Per Tim, si avvicina un momento decisivo, come sottolinea Vincenzo Vita nel suo articolo. L’Italia rischia di diventare il primo paese europeo in cui un ex monopolista, Tim, perde la sua primazia. Da anni, a partire dalla privatizzazione del 1997, l’azienda è sotto attacco e si trova in una situazione difficile, indebitata e con un proprietario sempre più straniero. Tim deve affrontare la sfida dell’innovazione tra oligarchi della rete, intelligenza artificiale e cybersicurezza, pena un possibile declino. L’indebitamento è altissimo e l’uscita di Vivendi dall’azionariato insieme all’interesse del Fondo KKR mette a rischio il futuro dell’azienda.
Inoltre, la divisione di Tim, pensata per alleggerire il peso della struttura, ha finito per esporre l’azienda a ulteriori problemi. C’è l’interesse di Iliad e la possibile entrata di Poste Italiane, che ha acquistato una quota significativa di Cassa depositi e prestiti. Resta in sospeso la questione della vendita di Sparkle, cruciale per la sicurezza delle connessioni, e si registrano cambiamenti nella leadership, come le dimissioni dell’amministratore delegato Luigi Ferraris.

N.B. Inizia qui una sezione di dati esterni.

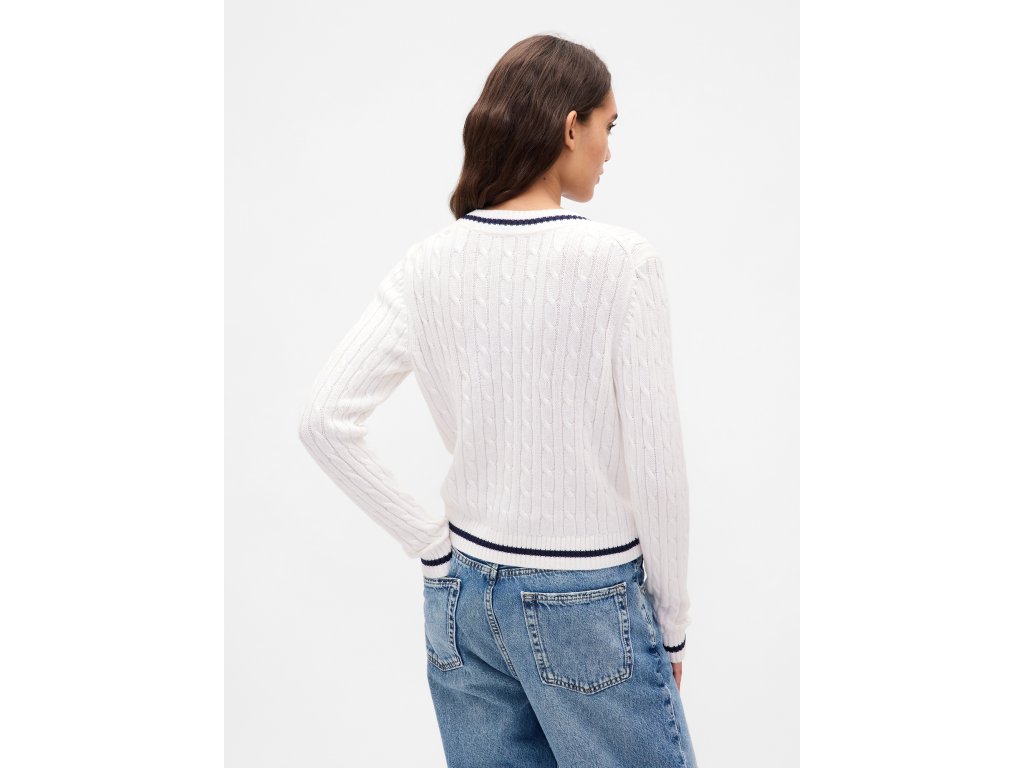 Dámský kardigan z bavlněného úpletu je pohodlný, měkký na dotek a ideální pro každý den. Má copánkový vzor, výstřih do V, knoflíky po celé délce a dlouhé rukávy s žebrovanými manžetami. Na hrudi je jemné vyšívané logo GAP. Styl podtrhují kontrastní pruhy na spodním lemu. Rovný střih s kratší délkou sahá do pasu a hezky zvýrazní siluetu. Modelky ve velikosti S měří 172–180 cm, mají pas 60–66 cm a boky 84–97 cm. Ve velikosti XL měří 172–180 cm, pas 86–91 cm a boky 114–127 cm.Doplňkové parametry

Le promesse della politica, come quella di una “rete unica”, sono rimaste dichiarazioni senza seguito. L’inefficacia del governo nel disegnare una strategia effettivamente nazionale è evidente, mentre dovrebbero essere implementate politiche di sostegno statale per evitare che il settore delle telecomunicazioni subisca ulteriori svendite e privatizzazioni. La mancanza di fiducia nei confronti delle istituzioni è palpabile, complicata dal rinvio degli incontri con i sindacati.